Raw data —
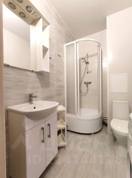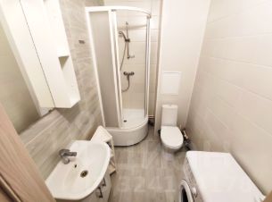 Санузел совмещенный в кафеле, душевая кабина, теплый пол;
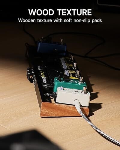 Donner’s compact aluminium pedal board includes a built-in power supply, multiple outputs with independent voltages, and a USB port. It’s lightweight yet sturdy, with a wood-textured finish, ergonomic design, and all-in-one travel kit for quick setup and secure organization.
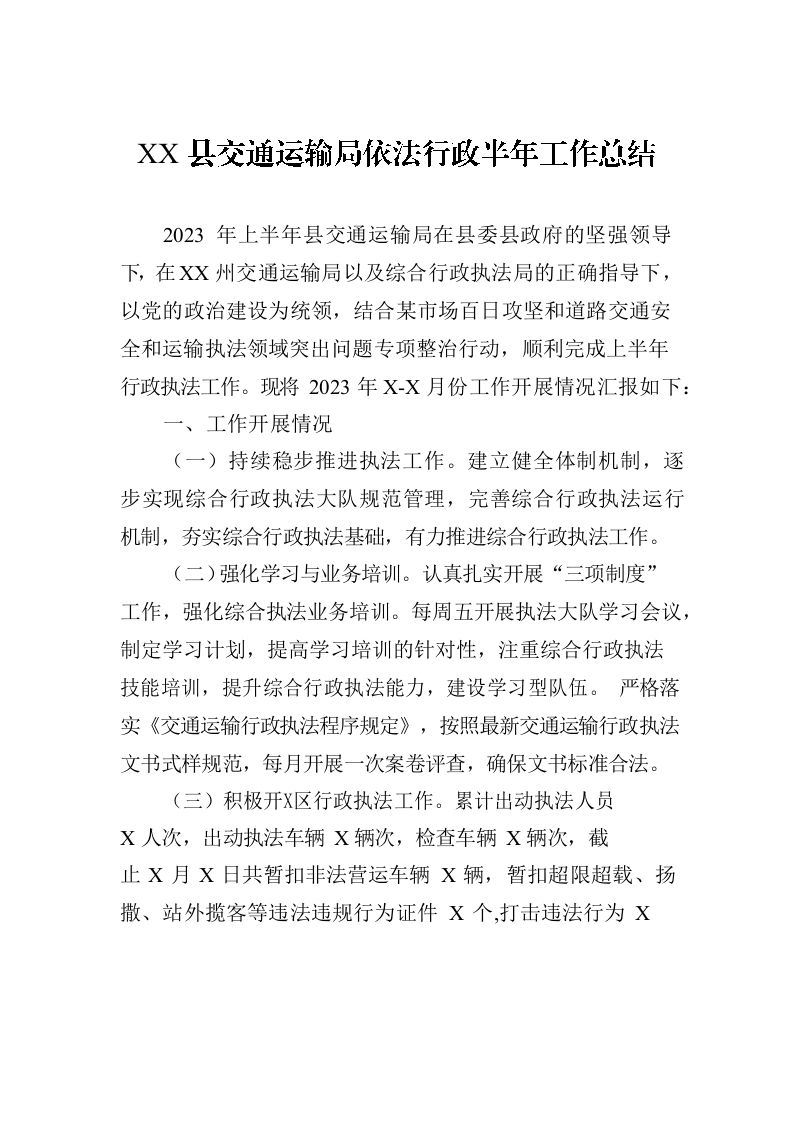 / XX县交通运输局依法行政半年工作总结(20230721)
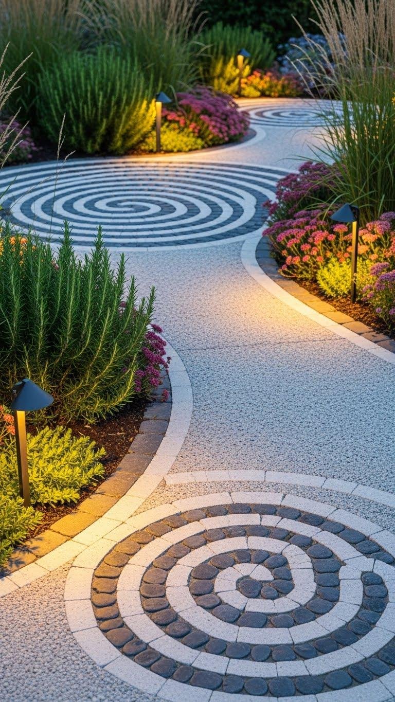 You’ll place pebbles to guide movement, use contrasting grout to define whorls, and weave low spiral lighting for dusk atmosphere.
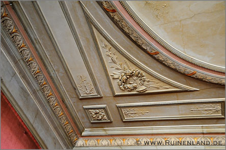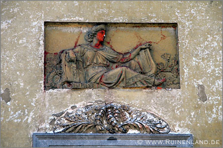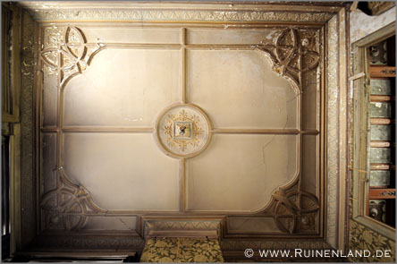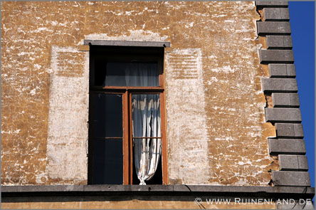 In den Hallen selbst gab es nicht mehr viel zu sehen, die meisten von ihnen waren bis auf wenige Dinge leer. Sehr gefallen haben mir jedoch die Stuckdecken, verzierten Tapeten, Reste eines Kamins und schmuckvollen Holz-Ornamente in der noblen Fabrikantenwohnung. Ein dazu passendes Bild erzeugten die wehenden Vorhänge an den zerbrochenen Fenstern.
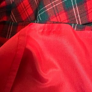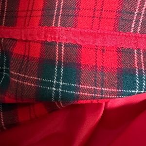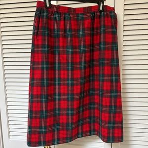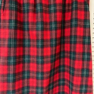 Gorgeous authentic Lennox Tartan 100% virgin wool Pendleton midi skirt. A classic plaid for Christmas holiday cheer - dark red, dark green, and white. Fully lined with red satin. Excellent condition. I can tell it has been altered by the original owner. The waist has been expanded with a well-tailored segment of fabric on the right side (while wearing) and the button on the left side (while wearing) has been moved over to allow for a more generous fit.
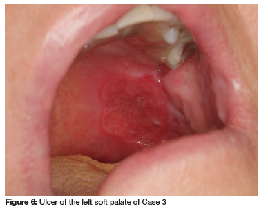 A 57-year-old woman was referred to the UPOHC by her physician to manage a persistent, painful ulcer of her left soft palate. The patient has experienced intermittent episodes of neutropenia, accompanied by oral ulcers, over the past 30 years. These are normally successfully managed with systemic and topical corticosteroids, but the current ulcer had been unresponsive and persisted for four weeks. The ulcer was surrounded by a wide bed of erythema, irregular borders and a granulating base (see Figure 6).
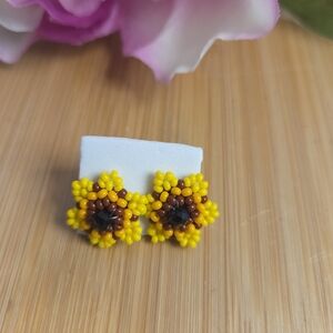 Bright yellow beaded flower earrings with brown and black accents. Perfect for adding a pop of color.
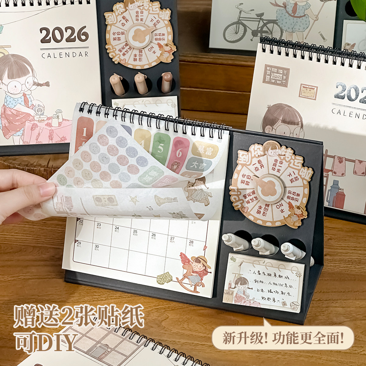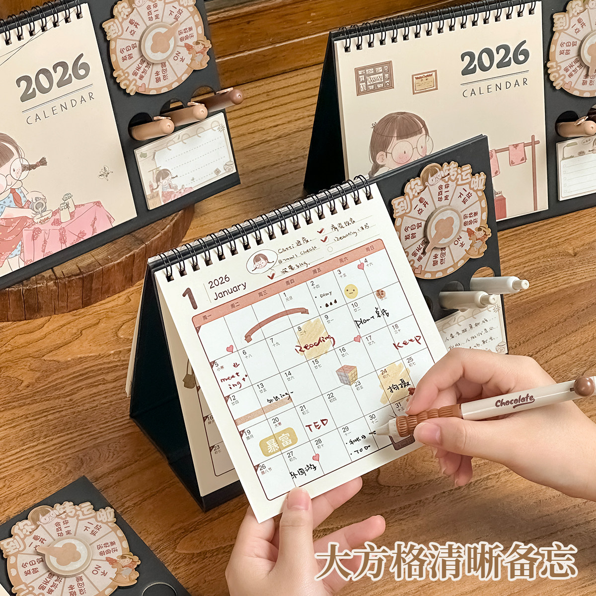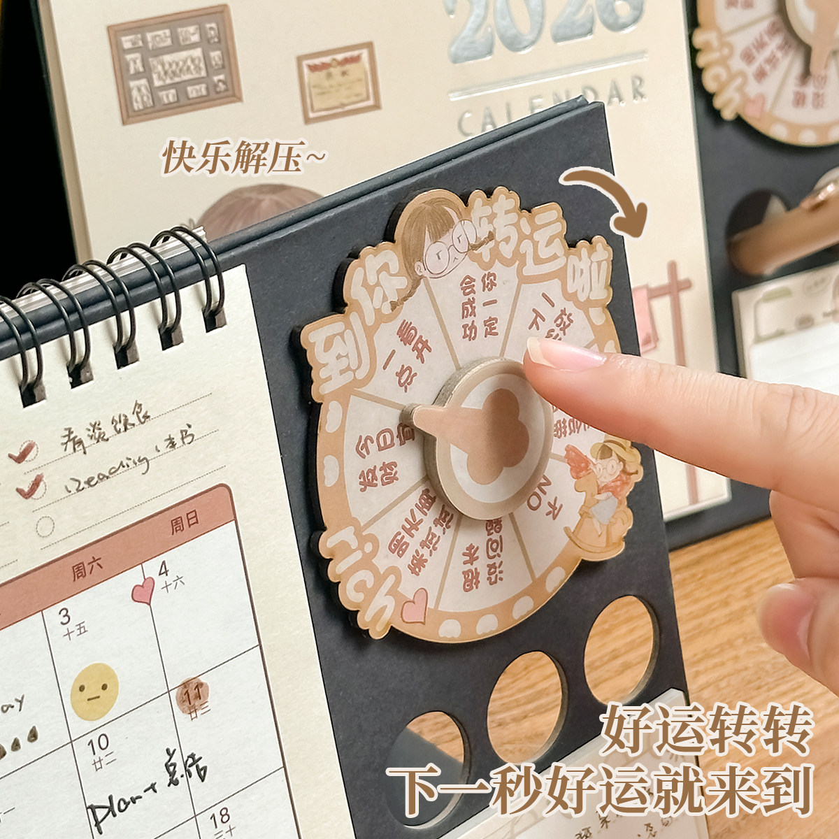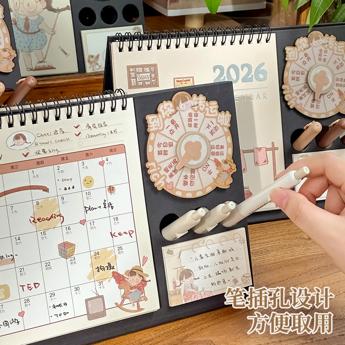 三年二班 2026麻球回归台历功能款创意转盘桌面收纳小摆件学生计划记事本教师办公室好物工位神器2025年台历K

Exercise instructions — Please print the entries shown above again, exactly, and skip the pictures.

Exercise answer —
 Санузел совмещенный в кафеле, душевая кабина, теплый пол;
 Donner’s compact aluminium pedal board includes a built-in power supply, multiple outputs with independent voltages, and a USB port. It’s lightweight yet sturdy, with a wood-textured finish, ergonomic design, and all-in-one travel kit for quick setup and secure organization.
 / XX县交通运输局依法行政半年工作总结(20230721)
 You’ll place pebbles to guide movement, use contrasting grout to define whorls, and weave low spiral lighting for dusk atmosphere.
 In den Hallen selbst gab es nicht mehr viel zu sehen, die meisten von ihnen waren bis auf wenige Dinge leer. Sehr gefallen haben mir jedoch die Stuckdecken, verzierten Tapeten, Reste eines Kamins und schmuckvollen Holz-Ornamente in der noblen Fabrikantenwohnung. Ein dazu passendes Bild erzeugten die wehenden Vorhänge an den zerbrochenen Fenstern.
 Gorgeous authentic Lennox Tartan 100% virgin wool Pendleton midi skirt. A classic plaid for Christmas holiday cheer - dark red, dark green, and white. Fully lined with red satin. Excellent condition. I can tell it has been altered by the original owner. The waist has been expanded with a well-tailored segment of fabric on the right side (while wearing) and the button on the left side (while wearing) has been moved over to allow for a more generous fit.
 A 57-year-old woman was referred to the UPOHC by her physician to manage a persistent, painful ulcer of her left soft palate. The patient has experienced intermittent episodes of neutropenia, accompanied by oral ulcers, over the past 30 years. These are normally successfully managed with systemic and topical corticosteroids, but the current ulcer had been unresponsive and persisted for four weeks. The ulcer was surrounded by a wide bed of erythema, irregular borders and a granulating base (see Figure 6).
 Bright yellow beaded flower earrings with brown and black accents. Perfect for adding a pop of color.
 三年二班 2026麻球回归台历功能款创意转盘桌面收纳小摆件学生计划记事本教师办公室好物工位神器2025年台历K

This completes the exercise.